▸ **EXERCISE**:
Beginning with the line that holds "Вручение диплом об", write out each line exactly as it stands until the end of the data, and include no pictures.

▸ **DATA FOR THE TASK**:
- Opening Delimiter -

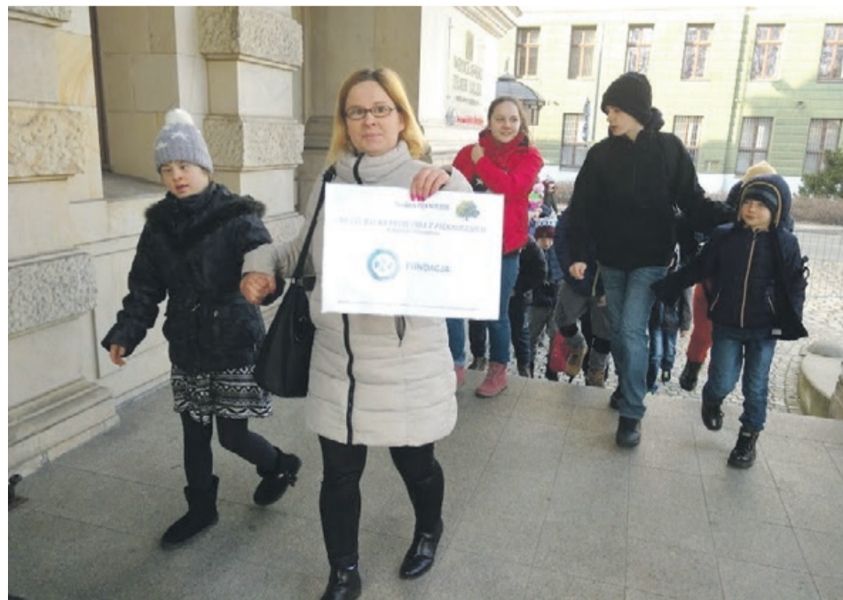
Podczas wizyty w Teatrze Lalek dzieci obejrzały przedstawienie „Czarodziejski flet”
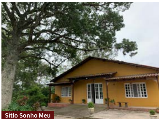
Sítio Sonho Meu

No local, não é permitido fumar nem levar bebidas alcoólicas, e o almoço é vegetariano. O espaço conta com trilha, cachoeira, área de piquenique e área coberta para descanso. (\$) A visita ocorre sextas e sábados, das 9h até o pôr do sol. O valor da entrada por pessoa é de R$ 20.
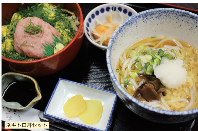
ネギトロ丼セット

米粉麺は、兵庫県産協会の選定する「平成30年度五つ星ひょうご」や、姫路市の「ものづくり開発奨励補助金」も受賞した製品です。店頭販売(税別750円)も行っていますので、是非一度ご賞味ください。「さめきうどん 琴 構店」さん、ごちそうさまでした!
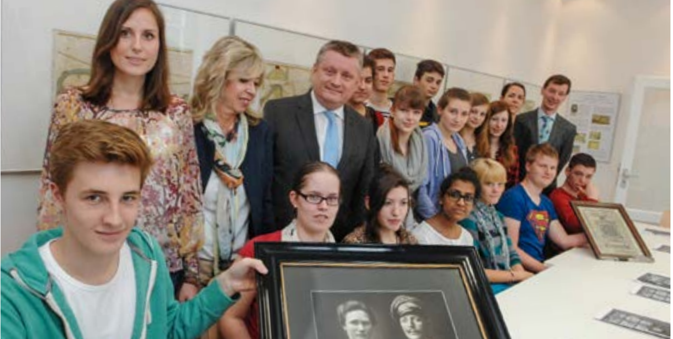
Bundesminister Hermann Gröhe zu Besuch im Stadtarchiv mit Schülern des Projektkurses „Neuss im Ersten Weltkrieg“
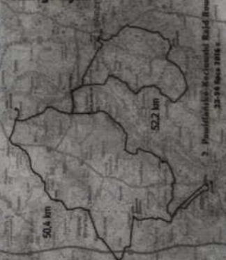
Tak wygląda trasa tego rocznego rajdu.

Zapisów na Rajd można dokonać telefonicznie - tel. 58 531 37 41 lub mailowo pod adresem info@kociewie.eu. (n)
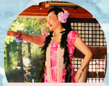
玲子ナニエキエエア Hula”フラ”
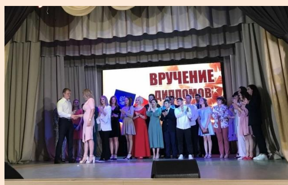
Вручение диплом об образовании выпускникам 41 ф группы
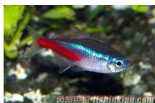
紅綠燈 (別名：霓虹燈)
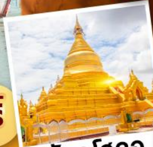
วัดกุโสดอ
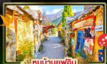
หมู่บ้านยุฟุอิน
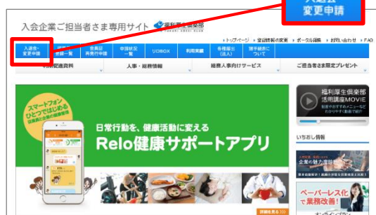
▼ご担当者さま専用サイトTOP画面
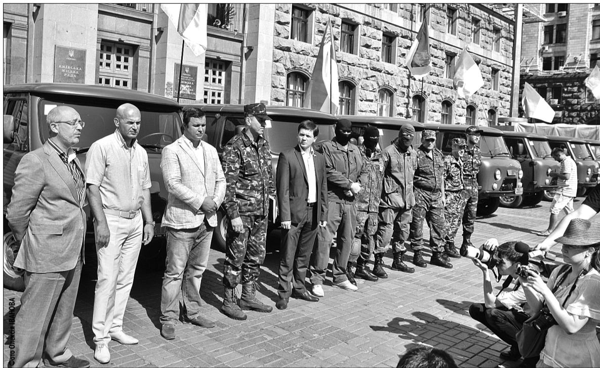
Депутати Київради з фракції «УДАР - Солідарність» днями передали на потреби військовим десять автомобілів

■ Київські депутати купили автомобілі для потреб військових
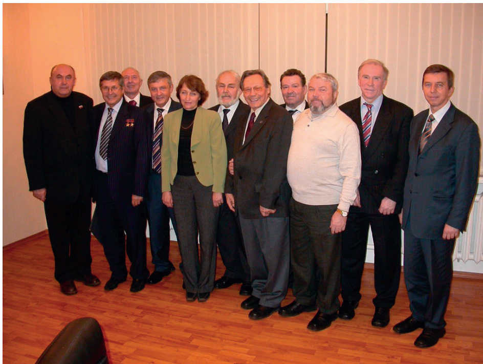
В Архангельске на Ломоносовских чтениях, проводимых Ломоносовским фондом и Архангельским научным центром
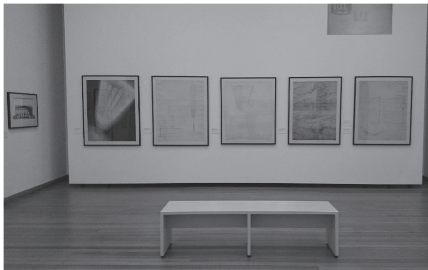
Fig. 2. Imagine din expoziția WchUTEMAS – Ein russisches Labor der Moderne, Berlin, decembrie 2014 / Image from WchUTEMAS - Ein russisches Labor der Moderne, exhibition Berlin, December 2014.
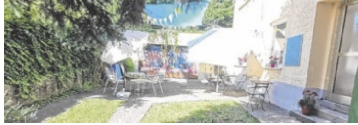
Das Simit Diyar cafe in der Hauptstraße bietet einen Gastgarten.

Ebenfalls geschlossen hat der afghanische Supermarkt mit angeschlossenen Restaurant. Angekündigt ist dort ein Umzug eine Hausnummer weiter, von Reindlstraße 1 zu Reindlstraße 3. Gegenüber hat sich vor kurzem ein Automatenshop eingemietet, ein Frequenzbringer ist auch das nicht. Frequenzbringer sind hingegen aktuell die Lokale mit Übertragungen der Fußball-WM.
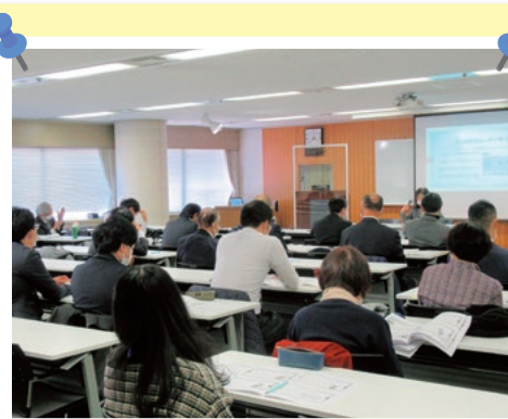
昨年のセミナーの様子
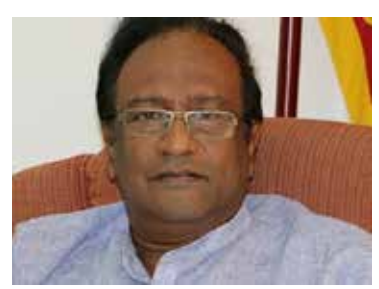
ஈஸ்டர் தாக்குதலின் சூத்திரதாரி சஹ்ரான், புலனாய்வுப் பிரிவைச் சேர்ந்த எவரையும் சந்திக்கவில்லை

என்பது ஆதாரங்களின்படி தெரியவந்துள்ளதாக பொதுமக்கள் பாதுகாப்பு அமைச்சர் சரத் வீரசேகர தெரிவித்தார். நாடாளுமன்றத்தில் நேற்று (வியாழக்கிழமை) உரையாற்றும் போதே அவர் இவ்வாறு தெரிவித்தார். சபையில் விசேட அறிக்கையொன்றை விடுத்த அமைச்சர் - ஈஸ்டர் தாக்குதலுக்கு முன்னரும் பின்னரும் சஹ்ரானின் மனைவி விசாரிக்கப்பட்டார் எனவும், தனது கணவர் புலனாய்வு அதிகாரிகளை
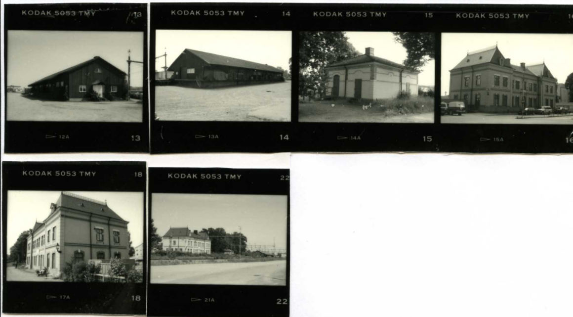
Foto Nr: VLM B 103.141 13-16, 18, 22
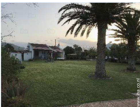
overzicht van het bezit

Voordelen : Directe toegang tot het strand
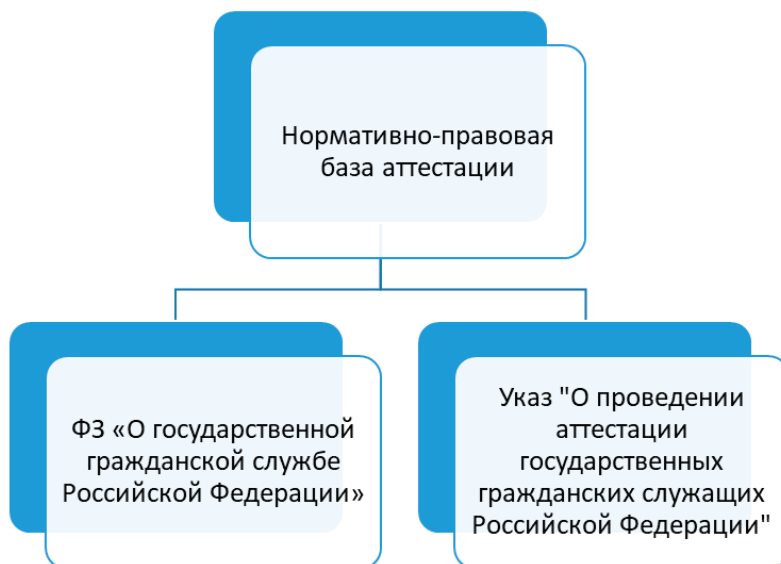
Рис. 1. Нормативно-правовая база аттестации государственных гражданских служащих

Аттестация гражданского служащего имеет своей целью определение соответствия гражданского служа-

- Closing Delimiter -

▸ **ANSWER BOX**:
Вручение диплом об образовании выпускникам 41 ф группы
紅綠燈 (別名：霓虹燈)
วัดกุโสดอ
หมู่บ้านยุฟุอิน
▼ご担当者さま専用サイトTOP画面
Депутати Київради з фракції «УДАР - Солідарність» днями передали на потреби військовим десять автомобілів

■ Київські депутати купили автомобілі для потреб військових
В Архангельске на Ломоносовских чтениях, проводимых Ломоносовским фондом и Архангельским научным центром
Fig. 2. Imagine din expoziția WchUTEMAS – Ein russisches Labor der Moderne, Berlin, decembrie 2014 / Image from WchUTEMAS - Ein russisches Labor der Moderne, exhibition Berlin, December 2014.
Das Simit Diyar cafe in der Hauptstraße bietet einen Gastgarten.

Ebenfalls geschlossen hat der afghanische Supermarkt mit angeschlossenen Restaurant. Angekündigt ist dort ein Umzug eine Hausnummer weiter, von Reindlstraße 1 zu Reindlstraße 3. Gegenüber hat sich vor kurzem ein Automatenshop eingemietet, ein Frequenzbringer ist auch das nicht. Frequenzbringer sind hingegen aktuell die Lokale mit Übertragungen der Fußball-WM.
昨年のセミナーの様子
ஈஸ்டர் தாக்குதலின் சூத்திரதாரி சஹ்ரான், புலனாய்வுப் பிரிவைச் சேர்ந்த எவரையும் சந்திக்கவில்லை

என்பது ஆதாரங்களின்படி தெரியவந்துள்ளதாக பொதுமக்கள் பாதுகாப்பு அமைச்சர் சரத் வீரசேகர தெரிவித்தார். நாடாளுமன்றத்தில் நேற்று (வியாழக்கிழமை) உரையாற்றும் போதே அவர் இவ்வாறு தெரிவித்தார். சபையில் விசேட அறிக்கையொன்றை விடுத்த அமைச்சர் - ஈஸ்டர் தாக்குதலுக்கு முன்னரும் பின்னரும் சஹ்ரானின் மனைவி விசாரிக்கப்பட்டார் எனவும், தனது கணவர் புலனாய்வு அதிகாரிகளை
Foto Nr: VLM B 103.141 13-16, 18, 22
overzicht van het bezit

Voordelen : Directe toegang tot het strand
Рис. 1. Нормативно-правовая база аттестации государственных гражданских служащих

Аттестация гражданского служащего имеет своей целью определение соответствия гражданского служа-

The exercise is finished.